If you have done performance testing in the past, a few questions have likely come to mind. These may include (please submit comments on others):


  1. What if I used different hardware?

  2. How much did other things on the system impact these numbers?

  3. What if I think that one type of event is parsed more-quickly than another?

  4. How do I compare this number with the collector of my coworker down the hall?

  5. How do these numbers compare with NetIQ's collectors?



The answers to these, as far as I know, are the following:


  1. Different results will come out. This is not a test, in its current form, that will generate some sort of standardized number to compare across systems.

  2. Potentially a lot. Try running a dozen of these at a time and you'll see that very quickly.

  3. Performing tests on certain types of events to find a bottleneck is probably a good idea, especially if some events vary significantly from others in ways known to perform better or worse than those others.

  4. Use the same test machine, in the same state, for all tests. Copying over the collector development directory from one system to another is trivial, so do that for best results.

  5. NetIQ does not publish those numbers, probably (though I do not know) for some of the reasons mentioned above. The numbers, in a vacuum, do not mean anything.



The biggest benefit from this performance testing is that you can see what a collector can do on your system. If you develop a lot of collectors and use a consistent system for testing you can get an idea of how well or poorly a collector performs relative to other collectors tested on the same system in the same state. If you get better results on one than another, you can look more-closely at the slower one and see if there are places to improve.

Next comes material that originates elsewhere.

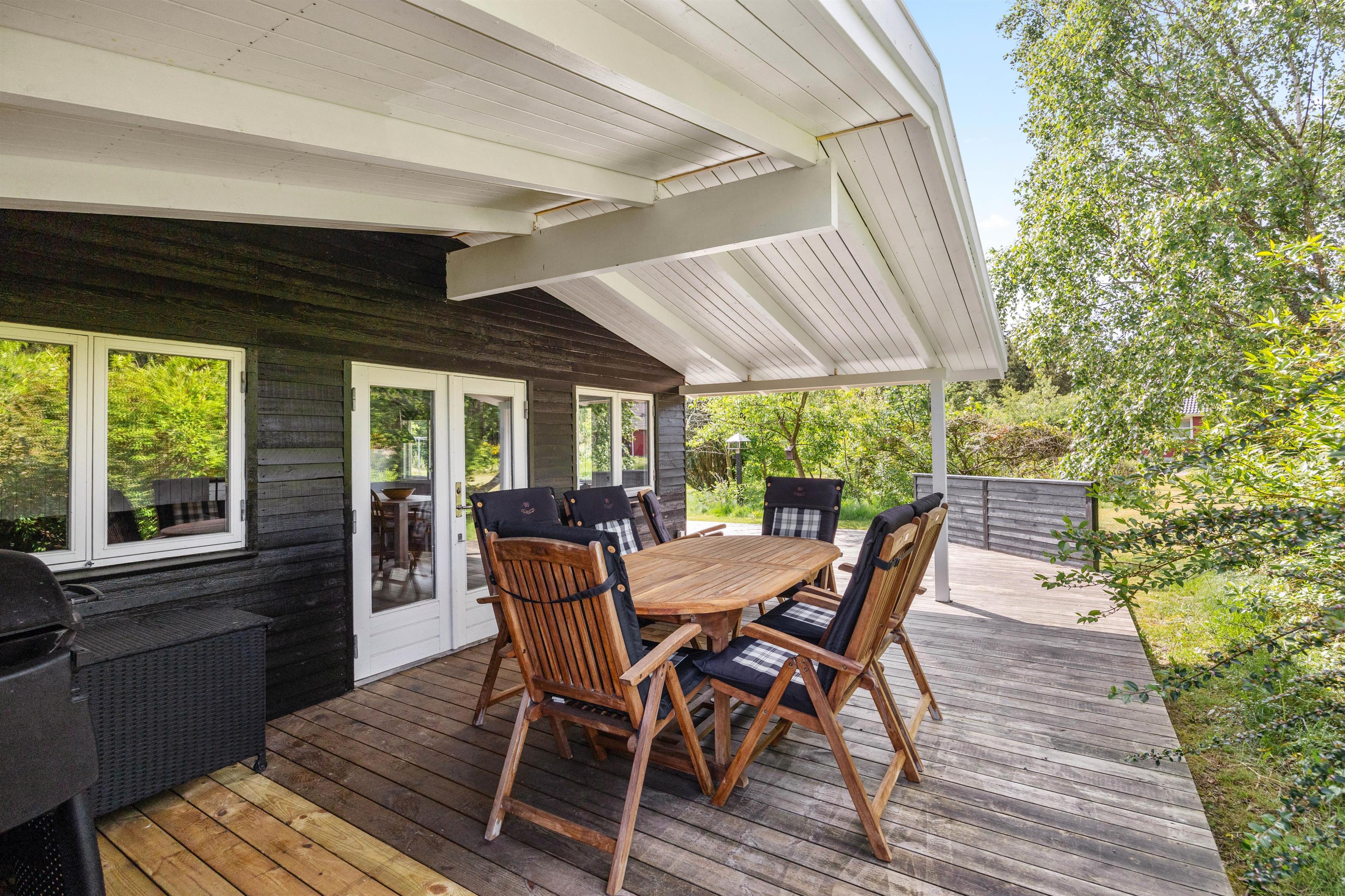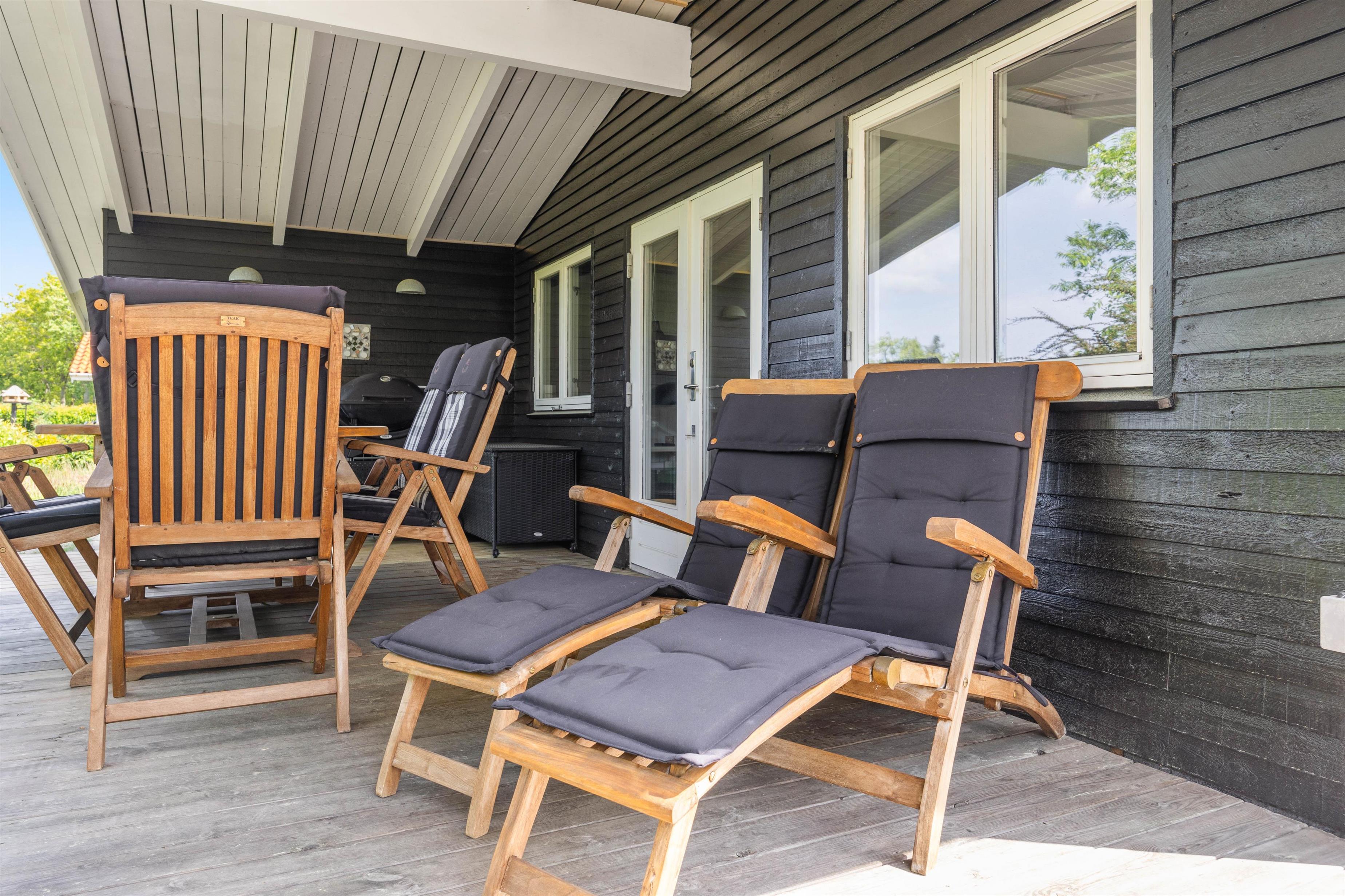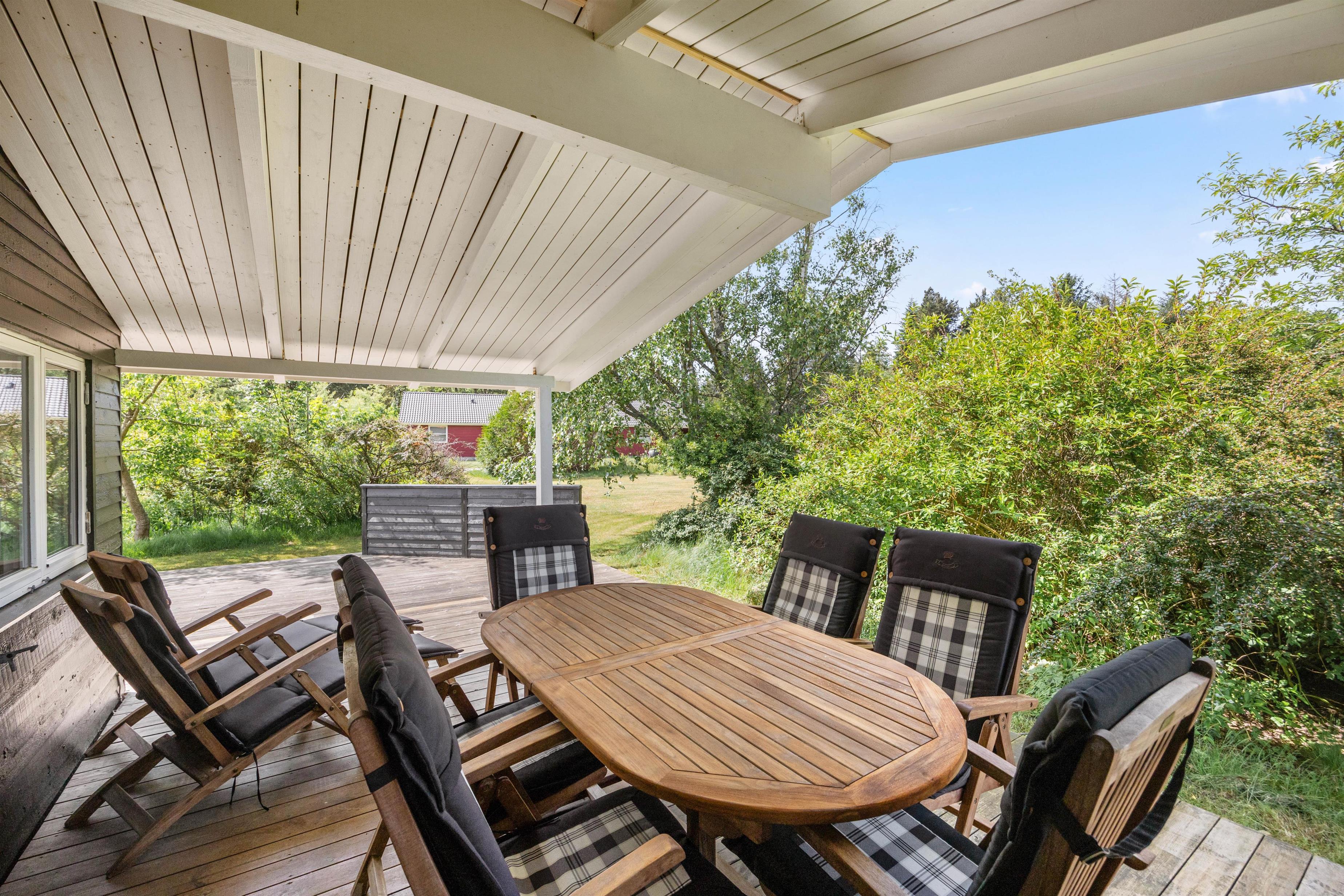 Fra stuen kommer I ud på den delvist overdækkede terrasse, som er udstyret med gode havemøbler. Her kan I spise en lækker morgenmad i solen og lytte til fuglenes kvidren i træerne på de varme dage. Den store græsplæne byder også på god plads til leg og boldspil for de små feriegæster, mens I ser til fra liggestolene og nyder den friske luft.

The biggest drawback of this, in my opinion, is that the number 15,039 EPS does not mean anything when the collector is moved into Sentinel, or when the testing happens on your machine vs. mine, or for event X instead of event Y. Why does a more-complex collector of mine, handling similar data in a test on the same system, reliably get around 25,000 EPS? Because we know how to do these test with 'ant' now it may make sense to have different input files with only one type of event and then a script to try them all and print out results for each so that speed of each type of event can be ascertained automatically. It's a trivial exercise, but it's an exercise left to the reader.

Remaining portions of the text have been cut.